We have shown that disruption of the muscle circadian clock mechanism through loss of the core clock gene, Bmal1, is sufficient to induce significant muscle weakness and surprisingly, increased mortality. Based on these findings, the overall objective of this grant is to pursue the fundamental understanding of the role of the muscle circadian clock in regulating a daily program of gene expression and how clock disruption leads to significant muscle weakness and diminished systemic health. We found that MyoD1 can modulate expression of the core clock gene, Bmal1 making it a bona fide tissue- specific circadian clock modifier1. We have also determined that MyoD1 and CLOCK:BMAL1 share peak binding at over 3000 sites across the muscle genome. These new findings provide support for our studies to define the mechanism(s) through which MyoD1 modulates the network properties of the clock mechanism as well as understanding the role of MyoD1 as a clock co-factor in the daily genomic and transcriptomic landscape in adult muscle. Downstream from MyoD1 and the clock factors, my lab has identified two muscle specific genes, Rbm20 and Tcap, that we propose link clock disruption with muscle weakness. Loss of muscle Bmal1, results in significant decreases in Rbm20 and Tcap expression and we find changes in sarcomere structure including variability of sarcomere length, distortions in M and Z lines and altered myofilament orientation. Lastly, the global Bmal1 knock out mouse, Bmal1KO, has been used as a model of advanced aging as it exhibits significant aging-like pathologies and has a median lifespan of 37wks. In preliminary experiments using this global Bmal1 KO mouse we rescued Bmal1 in skeletal muscles using an AAV vector with a muscle specific promoter. We found that this was sufficient to significantly improve muscle strength but also significantly extended lifespan. These are complementary to our findings of increased mortality with loss of muscle Bmal1 and demonstrate that rescuing Bmal1 only in skeletal muscle improves systemic health. In addition, with aging and many chronic diseases exhibiting muscle clock disruption, these results suggest that targeting the muscle clock mechanism holds potential as a translational strategy. We propose to test the following three specific aims:
Specific Aim 1 : To define the roles of MyoD1 within the core clock mechanism and as a co-factor for the daily transcriptomic landscape in skeletal muscle.
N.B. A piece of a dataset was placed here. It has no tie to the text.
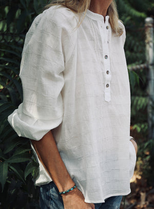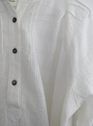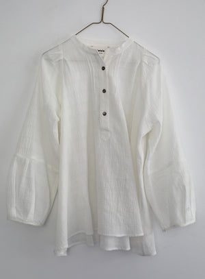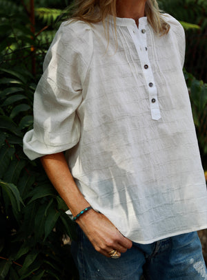 The Atlin Top has pleats at the shoulders, balloon sleeves, shirred cuffs and a roomy a-line cut. Vintage shell buttons, french seam construction, pulls over. 100% cotton. Wash cold, line dry. Made in California. Fi is wearing a size extra small.

Specific Aim 2 : To test the clock controlled genes, Rbm20 and/or Tcap, for their roles in sarcomere structure and muscle function.
Specific Aim 3 : To determine the skeletal muscle specific changes required for improved lifespan in the Bmal1 KO mouse.
We have shown that disruption of the muscle circadian clock mechanism through loss of the core clock gene, Bmal1, is sufficient to induce significant muscle weakness and surprisingly, increased mortality. Based on these findings, the overall objective of this grant is to pursue the fundamental understanding of the role of the muscle circadian clock in regulating a daily program of gene expression and how clock disruption leads to significant muscle weakness and diminished systemic health.